There are a number of wonderful caves which can be visited in Chumphon Province.
There are a number of different tour companies operating now, so ask around at a couple different place to plan the kind of expedition that's right for you. Some of the caves are an easy visit, but others attract hard-core spelunkers with challenging climbs involving ropes and other caving equipment. One day tours start at about 700 THB per person, depending on the size of the group, but longer tours can be arranged, and if you find a new cave you get to name it!! (We think Tham Travelfish has a nice ring to it, but that's just a suggestion.) These tours are generally for small groups of two to four only.

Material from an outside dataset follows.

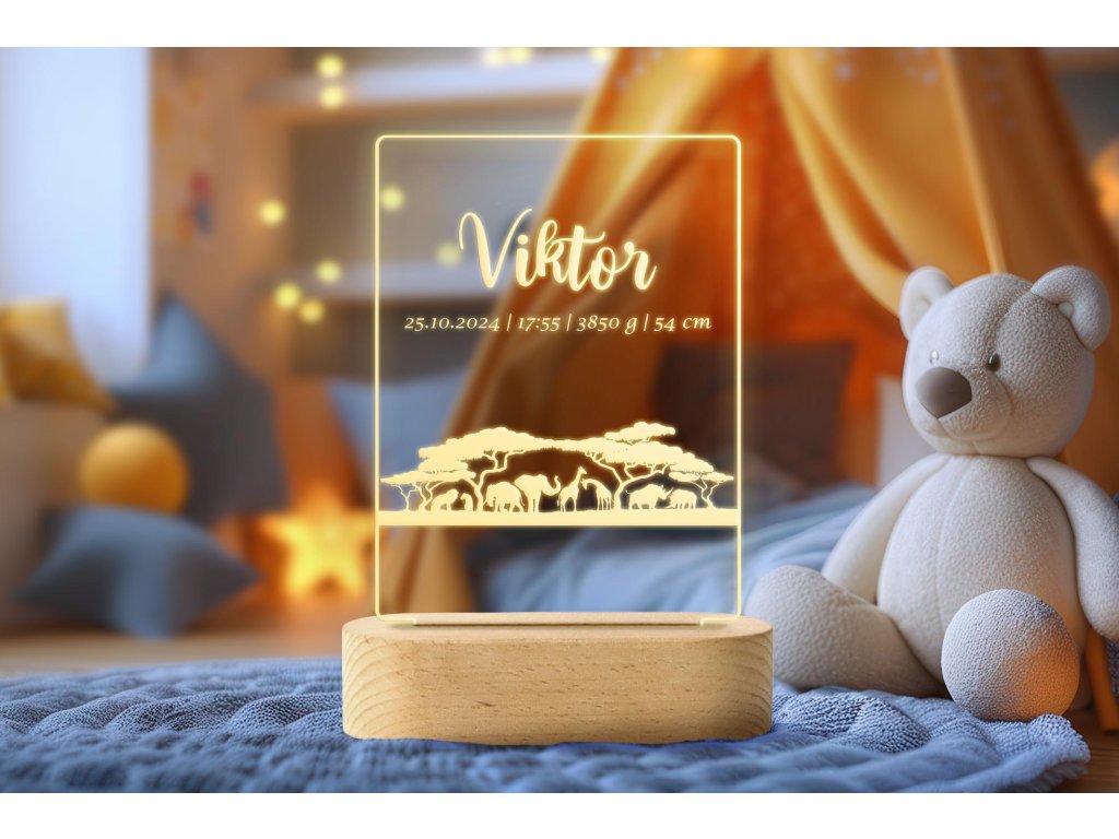 Personalizirana LED svjetiljka s imenom i podacima o rođenju bebe savršen je poklon za nove roditelje, koji će osvijetliti interijer i sačuvati uspomene na važan obiteljski događaj.

Situated by Wat Thap Charoen (also known as Wat Rubror) is a series of interesting caves including Tham Phra which is the largest and contains a multitude of Buddha images. The biggest and oldest statue is a 6m high stone Buddha which is rumoured to be over 1,000 years old. Nearby Tham Ai Teh is reputed to have been the scene of human sacrifices at one time and it is also thought by locals to contain a hidden treasure map indicating the location of a nearby hoard. This treasure consists of the plentiful offerings made by various wealthy pilgrims to the venerable Buddha image in Tham Phra. Please do not start digging up the cave though as it is a National Heritage Site and the map will be in Thai anyway!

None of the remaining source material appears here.